Rakyat Jalan, Bendera Ikut Jalan
Ratusan warga—mulai dari anak sekolah, Pramuka, Paskibra, sampai bapak-ibu berbagai elemen masyarakat—turun ke jalan. Mereka gotong royong membentangkan bendera sepanjang 1 km lebih sambil jalan sejauh 1,6 km. Jadi bukan cuma long march, tapi long flag march!
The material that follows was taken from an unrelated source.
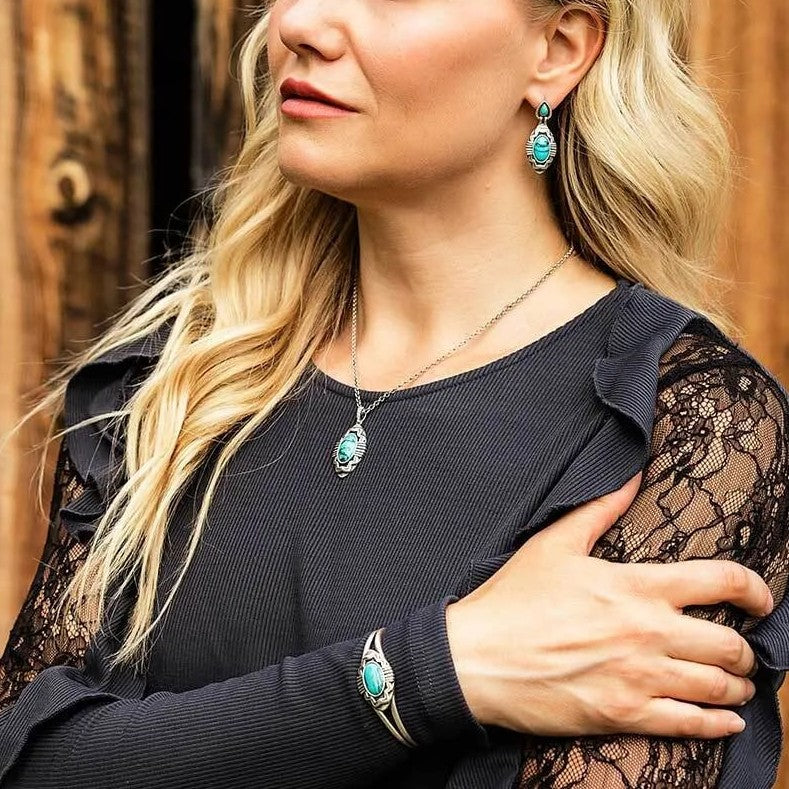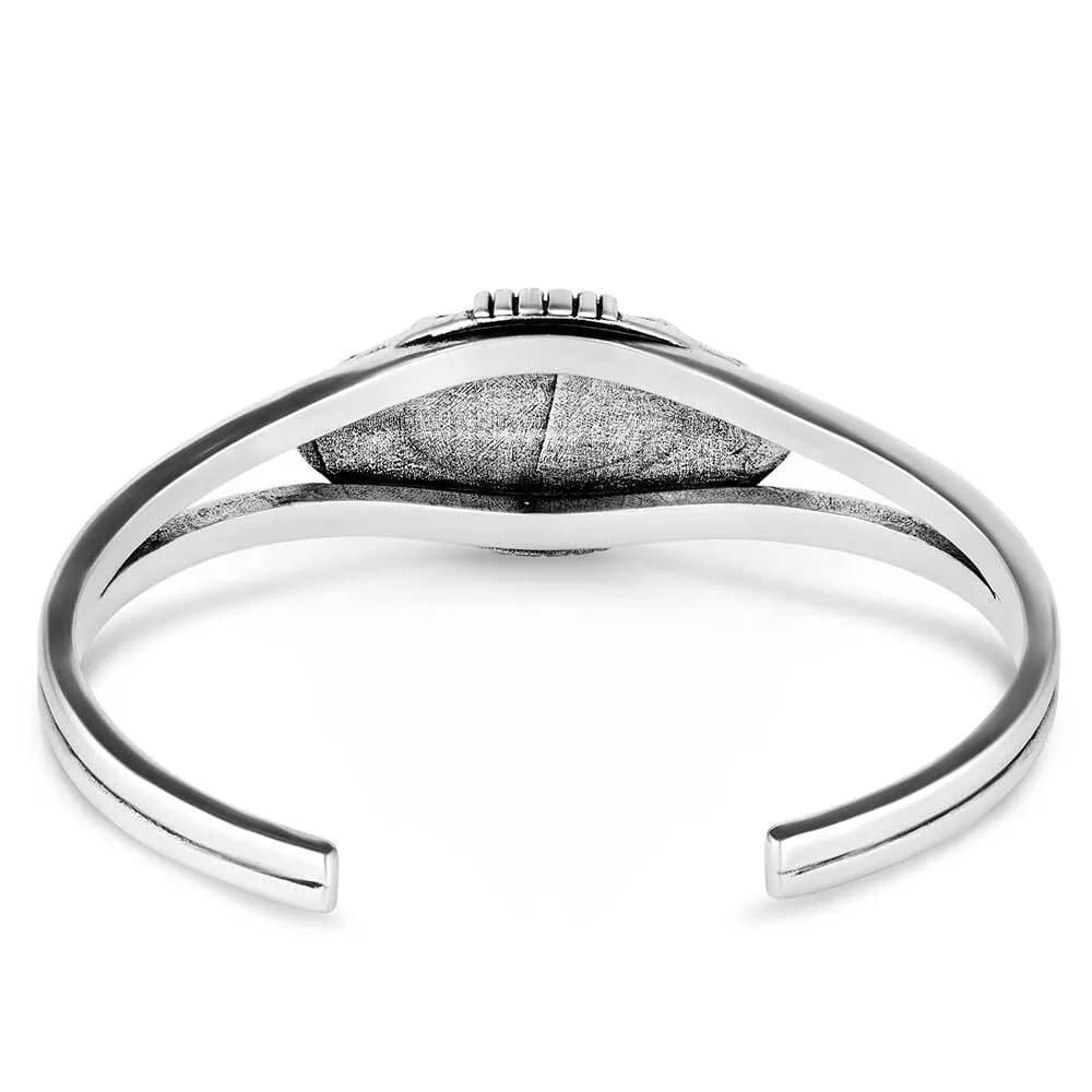 Give your outfit a little Southwestern flair with the Blue Mesa Turquoise Bracelet. The design features a gorgeous Southwest styled etching in a beautiful silver tone that frames the center oval turquoise stone. A light antiquing shows the details in the design giving the cuff a more dynamic look. Two smooth silver tone pieces at the top and bottom wrap around your wrist to create the cuff bracelet. One size fits most. Stone color may vary.

Dari Yayasan Mbah Semar Peduli
Acara ini diinisiasi Yayasan Mbah Semar Peduli (YMSP). Tujuannya jelas: bikin perayaan HUT RI ke-80 makin meriah sekaligus menghidupkan semangat nasionalisme. PLT Camat dan Forkopimcam Pedan ikut hadir, biar lengkap—dari rakyat sampai pejabat semua larut dalam merah putih.
Pesan dari Ketua Yayasan
“Untuk menggugah rasa nasionalisme dan patriotisme, dan kita ingin membela merah putih agar tetap damai di Indonesia,” ujar Ketua YMSP, Ibu Dwi Woro, dengan suara penuh semangat.
Bukan Sekadar Kain
Buat YMSP, acara ini bukan cuma urusan kain panjang yang dibawa rame-rame. Tapi simbol cinta tanah air, bukti komitmen melestarikan nilai kebangsaan, dan pengingat bahwa merah putih nggak boleh luntur, walau sering dicuci sejarah.
Ngakak Plus:
Kalau bendera sepanjang 1.000 meter ini ditarik sampai Cawas, mungkin bisa jadi “tol patriotisme” gratisan. Bayangin tiap orang lewat harus hormat dulu—macetnya bisa sekalian jadi upacara!